All Those Things Done and Never Done


I was thinking today that Leif did more in his 33 years than many people ever get to experience in a full lifetime. He lived in four countries, a US Commonwealth (Puerto Rico) and six states. He traveled in many more countries and states, served his country in the army, played musical instruments, starred in a musical, flew in airplanes, built his own computer, owned cars, a truck and motorcycles, was in love probably four times, was married and divorced. He worked at at least nine different jobs. He visited castles and cathedrals, watched performances ranging from Japanese Yabusame (archery) to hula dancing. He swam at beaches from Thailand and Japan to Jamaica and Italy. He went on two Caribbean cruises and attended three family reunions. He was an uncle. He had a college degree. He was a member of the SCA and fought in medieval armor. He was a SCUBA diver, had a black belt in judo.

There are so many more things, so many details of his life I could enumerate, so much he experienced. But in the end, did he feel his world was shrinking? So much of what he had experienced was either as a child with us, or and adult with us, or as an adult in the army. Then he circumscribed his life with debt and could no longer continue that kind of life.

But worse, so much of what he really wanted was out of reach. He never experienced years of a happy home life in a stable and loving marriage. He never had children. He never had a job or career that gave him satisfaction or a feeling of real achievement. The things that really matter to a man, he did not have.

We were able to give him a lot, but those things were out of our reach to give him, too. It's so sad to me that he never was able to find them, and sad that I will never hold a child of his in my arms.

Most of the photos I have of Leif are either happy, silly, contemplative, or sometimes, just absorbed in what he was doing or thoughtful. This photo is different. I wonder what he was thinking. There's a kind of sad and melancholy look about it, but maybe that's just my way of seeing it now, after his death. It was taken when we went to the "Big Island" of Hawaii for Christmas in 1985. He was almost eleven years old.

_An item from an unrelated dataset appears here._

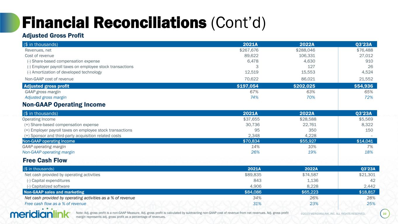 ©2023 MERIDIANLINK, INC. ALL RIGHTS RESERVED. Financial Reconciliations 21 ($ in thousands) 2021A 2022A Q3’23A Reconciliation of Net Loss to Adjusted EBITDA(1) Net income (loss) ($9,996) $1,294 ($2,069) (+) Interest expense, net 32,615 24,227 9,780 (+/-) Tax expense 5,141 4,130 (800) (+) Depreciation & amortization 50,453 53,982 14,433 (+) Share-based compensation expense 30,736 22,761 8,322 (+) Employer payroll taxes on employee stock transactions 95 350 150 (+) Expenses associated with IPO 424 – – (+) Restructuring related costs – – – (+) Sponsor and third-party acquisition related costs 2,348 4,228 – (+) Loss on debt prepayment 9,944 – – (+) Deferred revenue reduction from purchase accounting for acquisitions prior to 2022 733 227 19 (+) Lease termination charges 879 – – Adjusted EBITDA(1) $123,372 $111,199 $29,835 Net (loss) income margin (4)% 0% (3)% Adjusted EBITDA margin(2) 46% 39% 39% Non-GAAP Adjusted EBITDA (1) We define Adj. EBITDA as net income (loss) before interest expense, taxes, depreciation, amortization, share-based compensation expense, employer payroll taxes on employee stock transactions, certain expenses associated with our IPO, sponsor and third-party acquisition related costs, losses resulting from early repayment of debt, impairment of trademarks, lease termination charges, and deferred revenue reductions from purchase accounting. (2) Adj. EBITDA margin represents Adj. EBITDA as a percentage of revenues.

That was my idea because I was tired of hot weather for Christmas and wanted to feel a chill in the air. I wanted to see my breath. It was chilly enough for that at Kilauea Military Camp on the rim of the volcano. We had to wear jackets and we even had a fire in the fireplace in our lava rock cabin.

Peter Anthony's birthday is Christmas Day and he was turning 17. It didn't occur to us that no place would be open to get a good Christmas dinner in Hilo, which was closer than the tourist area at Kona. We drove around and around and finally found that although even Pizza Hut was closed, the International House of Pancakes was open, so we ended up there for our Christmas and Peter Anthony's birthday dinner. Not what we expected, but it makes a good story. Leif found that quite amusing, yet another of the many experiences in his life. Did he think they were over?